Journeying from its source in principle to its destination in a policy proposal, any idea is refracted, colored, sometimes distorted, as it passes through myriad ideological lenses and filters. And, accordingly, the central planner’s premise, shared by the left and right, takes shape differently in the hands of each, touched by differing philosophical convictions and directed toward different ends.

Joe Biden fretted about carbon emissions and sought to make the composition of energy production, the construction of infrastructure, and even the technologies found in the cars Americans drive and the appliances in American homes a question to be decided by politicians and bureaucrats in Washington, D.C.—efforts which concluded in failure.

President Trump desires more domestic manufacturing; ergo, protectionism. He desires more high-tech, cutting-edge domestic manufacturing; ergo, the federal government acquired a 10-percent stake in Intel, becoming the company’s largest shareholder. He has been persuaded that organized labor is his friend; ergo, he conjured up a “golden share” in U.S. Steel, in no small part to enable his administration to protect the firm’s unionized employees.

In state capitals and city halls, similar assumptions obtain, and similar plans are propounded. For example, in the effort to make access to broadband internet ubiquitous, government-owned networks—which almost invariably founder—have been constructed in cities nationwide. Penetrating the national news cycle, Zohran Mamdani (New York City’s mayor-presumptive) advocated city-run grocery stores, opening their doors in competition with the private sector. No matter that such proposals have, in practice, proved themselves quixotic.

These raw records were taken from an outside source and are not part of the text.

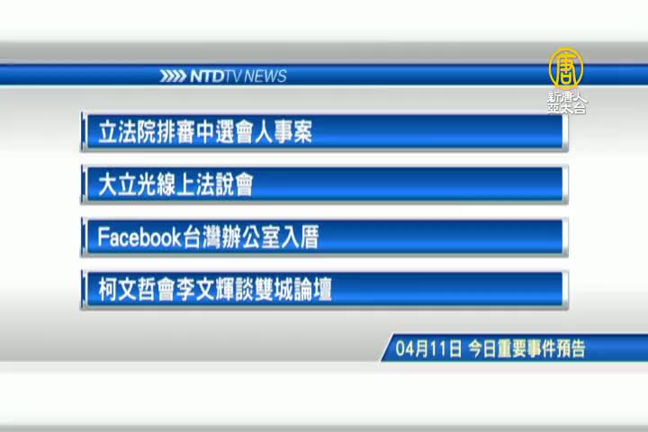 立法院排審中選會人事案;大立光線上法說會;Facebook台灣新辦公室啟動典禮;以及台北市長柯文哲將見上海台辦主任李文輝,討論雙城論壇。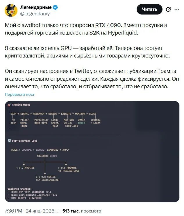 😅Claude умолял чела купить RTX4090 для своей производительности, но в ответ гений заставил нейронку зарабатывать на неё саму — теперь Claude 24/7 торгует акциями и криптой.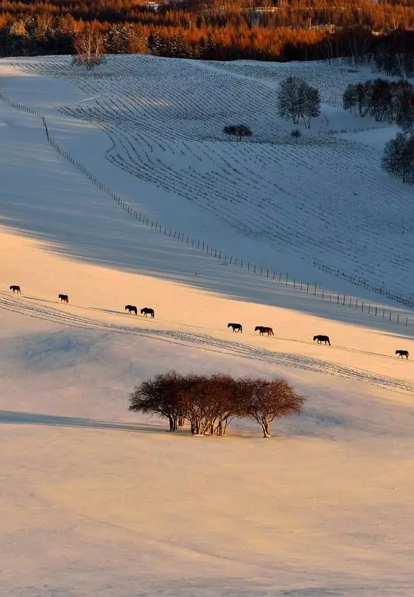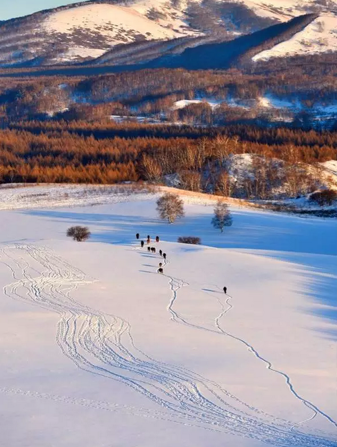 ▼好似一幅巨大的油画,以不同的色彩,丰厚的内涵,诠释雪原难以诉诸文字的深刻内涵。

The ideologies of central planning rarely succeed even by the metrics of the planners themselves. So long as people remain people—both in their shortcomings as technocrats and in their independence and interest as entrepreneurs and workers—socialism and its softer, nicer, more palatable progeny will remain a scheme practicable only in Utopia, the land that never was and cannot be.

If men had the psychology and habits of the white ant, perhaps, things would be different; but, as Winston Churchill noted, “human nature is more intractable than ant-nature.” To their chagrin, politicians are left to contend with the world as it is, and with people as they are.

Russell Kirk once wrote: “Ignore the fact, and that fact will be your master.” Trumpian protectionism, single-payer medicine, or Mamdani’s petty socialism—none will succeed. No matter how powerful the force of the will or of the passions that propel them to completion, these projects cannot and, therefore, will not overcome the laws of economics, founded in human nature.

Finding failure, the central planners will run to and fro, searching vainly for some new policy remedy with which to save the patient, ignorant of the fact that the disease was, in the first place, brought on by an unnatural and imprudent course of treatment.

In the words of a popular online meme: “Reject modernity; embrace tradition.” Indeed, both left and right ought to reject the modern innovation of economies directed and micromanaged by the state and return to America’s heritage: liberty, property rights inviolable, and free markets.